Trump sues The New York Times for $15 billion; calls it ‘mouthpiece for radical left Democrats’
President Donald Trump has filed a $15 billion defamation lawsuit against The New York Times and four of its journalists.
The lawsuit, filed on Monday in US District Court in Florida, names several articles and one book written by two of the publication’s journalists and published in the lead-up to the 2024 election, saying they are “part of a decades-long pattern by the New York Times of intentional and malicious defamation against President Trump”.
“Defendants published such statements negligently, with knowledge of the falsity of the statements, and/or with reckless disregard of their truth or falsity,” the lawsuit says.
Times spokesman Charles Stadtlander on Tuesday said the lawsuit “lacks any legitimate legal claims and instead is an attempt to stifle and discourage independent reporting. The New York Times will not be deterred by intimidation tactics.” Similarly, Penguin Random House, publishers of the book named in Trump’s case, called it a “meritless lawsuit”.

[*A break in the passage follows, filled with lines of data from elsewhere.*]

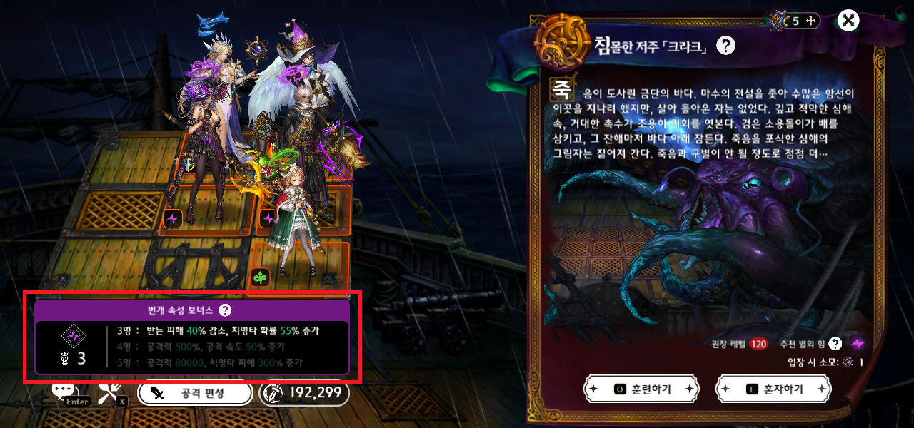 받는 어둠 속성 피해 3%, 어둠 속성 공격력 증가 5% |
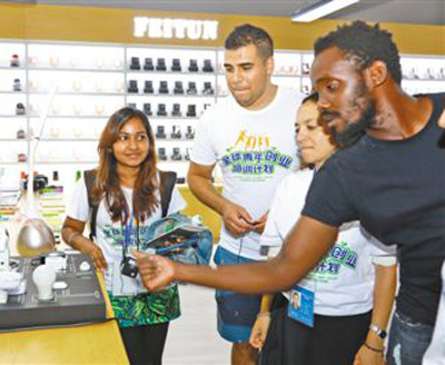 來(lái)自印度、南非、俄羅斯等金磚國(guó)家的青年創(chuàng)業(yè)者,在義烏國(guó)際商貿(mào)城內(nèi)學(xué)習(xí)創(chuàng)業(yè)經(jīng)驗(yàn)。人民視覺(jué)
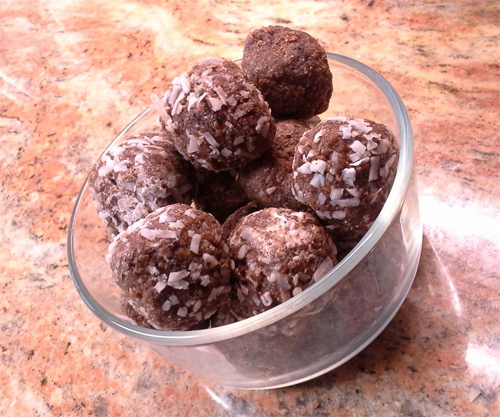Process until completely mixed and add more coconut oil if it is not moist enough. Form into balls and roll in coconut if desired. Store in refrigerator.
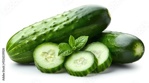 An array of fresh cucumbers accompanied by mint and sliced sections, highlighting the natural freshness and healthiness of these crisp vegetables in a vibrant layout.
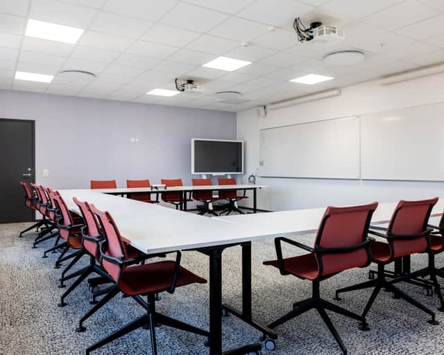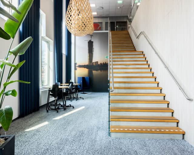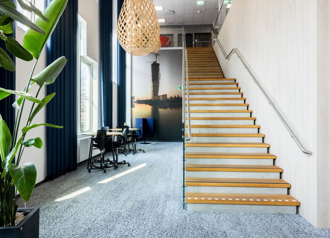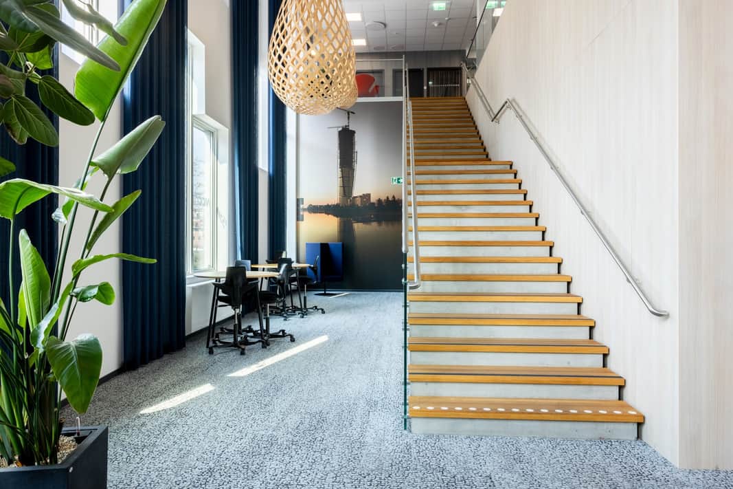 Varje våningsplan är genomtänkt och inbjudande – här finns plats för både koncentration och kreativitet.
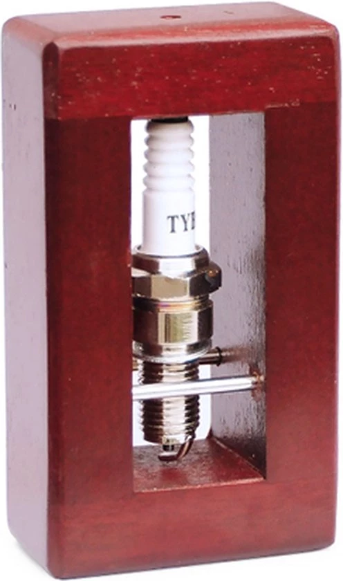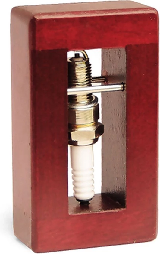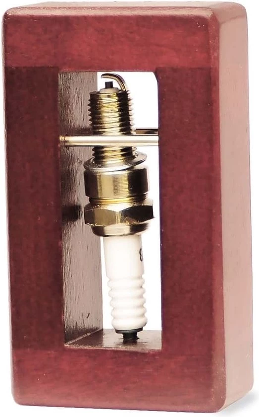Een bougie in een houten frame. Het doel is om de gevangen bougie uit het houten frame te bevrijden. Ziet er simpel uit, maar vergt zeker een out of the box denkwijze. Ideaal cadeau voor automonteurs en je broer die altijd start problemen had met zijn brommertje door zijn vuile bougie.

In a Truth Social post announcing the lawsuit, Trump accused The New York Times of lying about him and defaming him, saying it has become “a virtual ‘mouthpiece’ for the Radical Left Democrat Party.”
Trump, a Republican, has gone after other media outlets, including filing a $10 billion defamation lawsuit against the The Wall Street Journal and media mogul Rupert Murdoch in July after the newspaper published a story reporting his ties to wealthy financier Jeffrey Epstein.